Jason Monet does Kemang with loads of ladies

Briony Kidd, Contributor, Jakarta

Jason Monet says he has been a professional painter since the age
of 21. His current show "New Horizons" at the Santi Gallery in
Kemang reflects the confidence of these years of experience, as
does the sheer volume of creative output on display, though
perhaps at the expense of thematic clarity.

This exhibition gives us Monet the commercial artist. The
paintings are large, colorful, figurative and very 'sellable'.
This is not an insult, but much of the work does suffer from the
lack of what one might call controversy.

There are quaint fishing scenes, island landscapes and sweet-
faced women curled up like cats. A side room is full of boat
pictures -- candy-colored oils that startle, but mixed in with
more conservative efforts. Monet's images are well executed,
energetic and sometimes passionate. But this is not always
enough.

As a guest of honor at the elegant opening of "New Horizons"
on Oct. 16, Monet cut an eccentric figure. With his unruly white
hair and beard, wearing just a casual shirt and sarong, he looked
more at home on Kuta Beach than an upmarket Jakarta gallery. And
this is true: the UK-born former resident of Australia has lived
on Bali for many years and draws much of his inspiration from its
dramatic settings.

In temperament, Monet seems equally non-conformist. Observed
chatting enthusiastically with guests, he became notably less
forthcoming during the official stage of the event. Though
standing dutifully at the microphone, no amount of prompting
could persuade Monet to offer up more than a few sentences.

Oh yes, and a brief rendition of what he described as an
"Aborigine love song" on the (imaginary) didgeridoo. If the
audience was baffled they were too polite to show it.
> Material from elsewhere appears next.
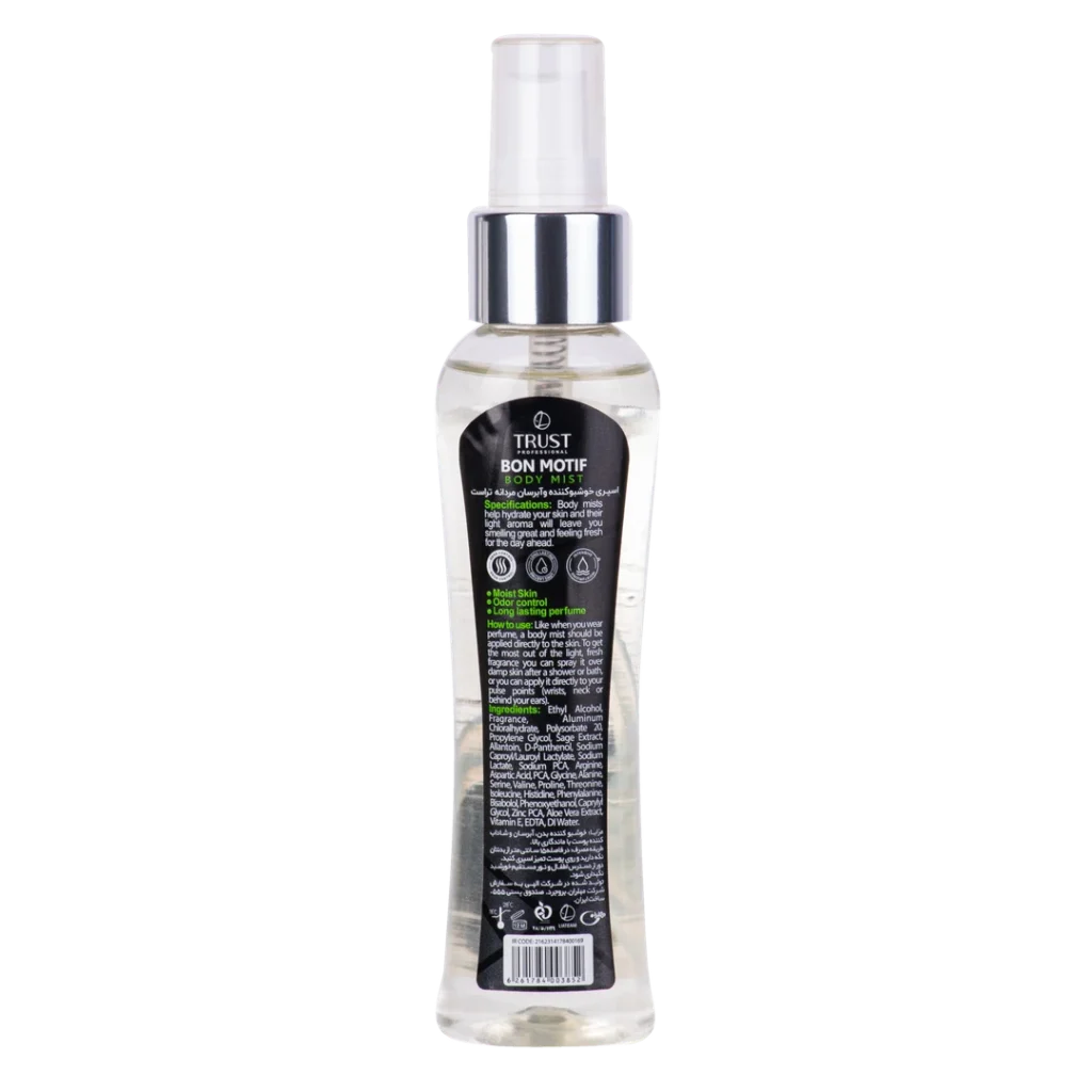 بادی میست مردانه تراست مدل Bon Motif با حجم 100 میل و رایحهای میوهای و خنک به شما ارائه میشود. نتهای اولیه آن شامل ترکیبی تازه از آناناس، انگور سیاه و سیب سبز است و با هم طوری ترکیب شدهاند که حس خنک و میوهای را برای شما ایجاد میکنند.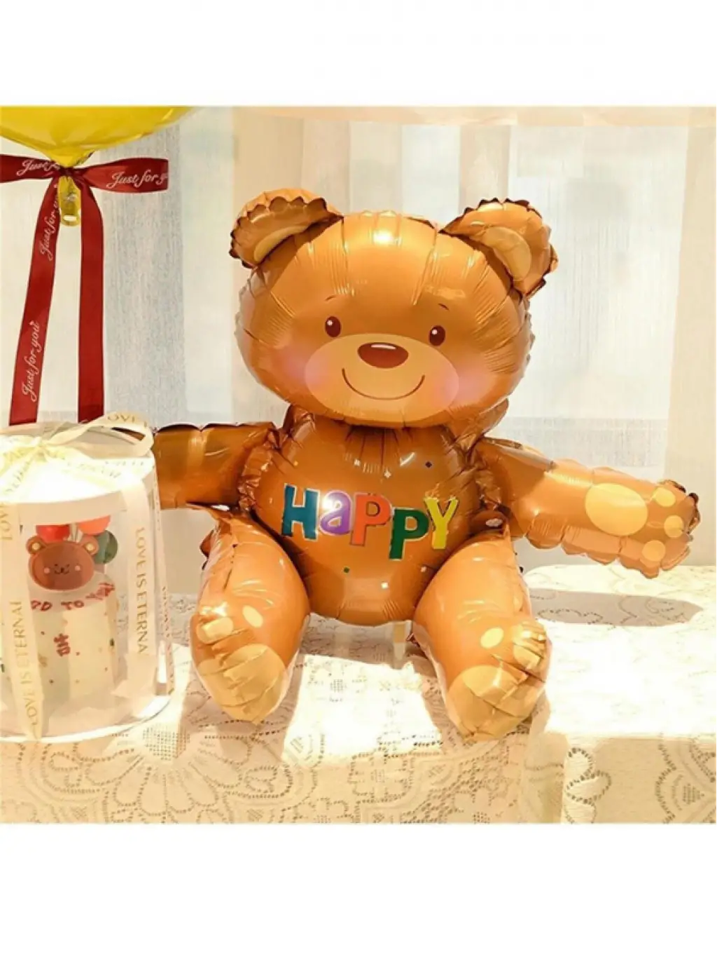 Retro Kalpli Ayıcık Figür Folyo Balon 55 Cm Mat Açık Kahve Renk Doğum Günü Folyo Balon

Love, explained Monet, is the theme of his work. He paints
what he loves -- and no more than this needs to be said. Gallery
staff may have been tearing their hair out at Mr. Monet's
reluctance to laud his own genius but it is a position that
commands respect.

Actually, perhaps this little show of rebelliousness -- slight
as it may have been -- is just the sort of thing an art dealer
hopes for. The notion of the artist as a showman persists. While
many reject it -- seeing themselves as private individuals and
their persona is nobody's business but their own -- some artists
have reinterpreted that for their times. In the 1960s, Andy
Warhol presented himself as director of a "factory" and in the
1990s, Damien Hirst was a pop star for Cool Britannia.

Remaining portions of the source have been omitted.